What is this?¶
AntiNex is a free tool for helping anyone defend against software attacks. It helps users train highly accurate Deep Neural Networks (dnn’s) from specialized datasets. These datasets are captured network traffic packets in the OSI layers 2, 3, 4 and 5. Once labeled as attack and non-attack records, you can use your dnn’s for identifying attack records across the network.
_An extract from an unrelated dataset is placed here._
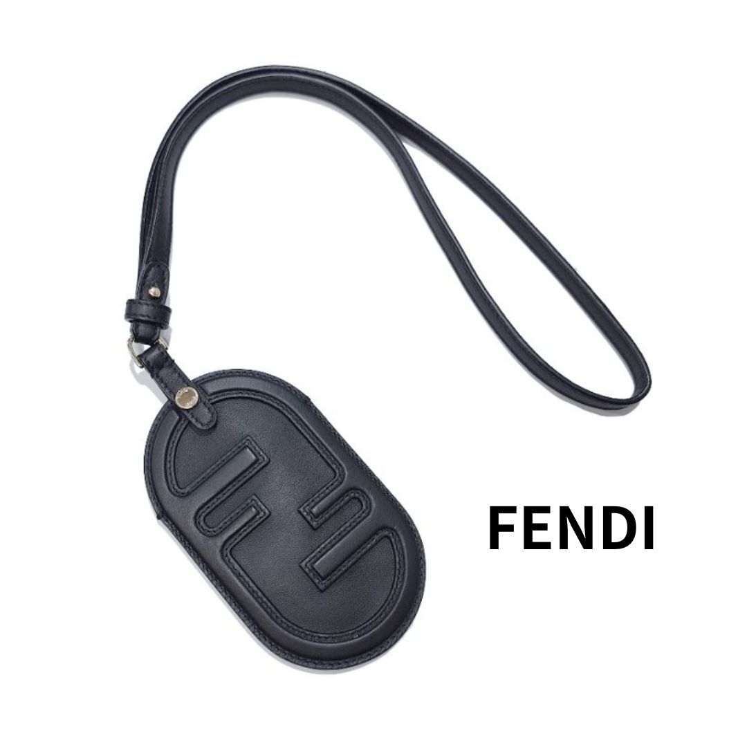 「FENDI フェンディ バッチホルダー カードホルダー パスケース ネックストラップ バッグチャーム ダブルエフ FFロゴ 8M0475 レザー ブラック 黒」です。

With this approach, AntiNex can predict attacks on web applications like: Django, Flask, React and Redux, Vue, and Spring with repeatable accuracies above 99.7%. By default just one AntiNex Core (core) worker manages 100 pre-trained dnn’s in memory for making faster predictions and support for manual retraining as needed based off new datasets.
- AntiNex core accuracy scores
- Jupyter notebook for how it works without any of the AntiNex components as proof of the methodology
- Jupyter notebook for using a pre-trained dnn to make new predictions with AntiNex
AntiNex is a python 3 multi-tenant framework for running a data pipeline for building, training, scoring and refining dnn’s. Once trained, dnn’s can be loaded into the core for making predictions in near-realtime as the models have already been tuned and pre-trained. The initial focus of AntiNex was to create AI models to defend web applications, but it makes predictions with classification (used for labeling attack vs non-attack records) or regression (like predicting the closing price of a stock) datasets.
Quick Start¶
Deploy on OpenShift Container Platform¶
Deploy AntiNex on Red Hat’s OpenShift Container Platform (version 3.9)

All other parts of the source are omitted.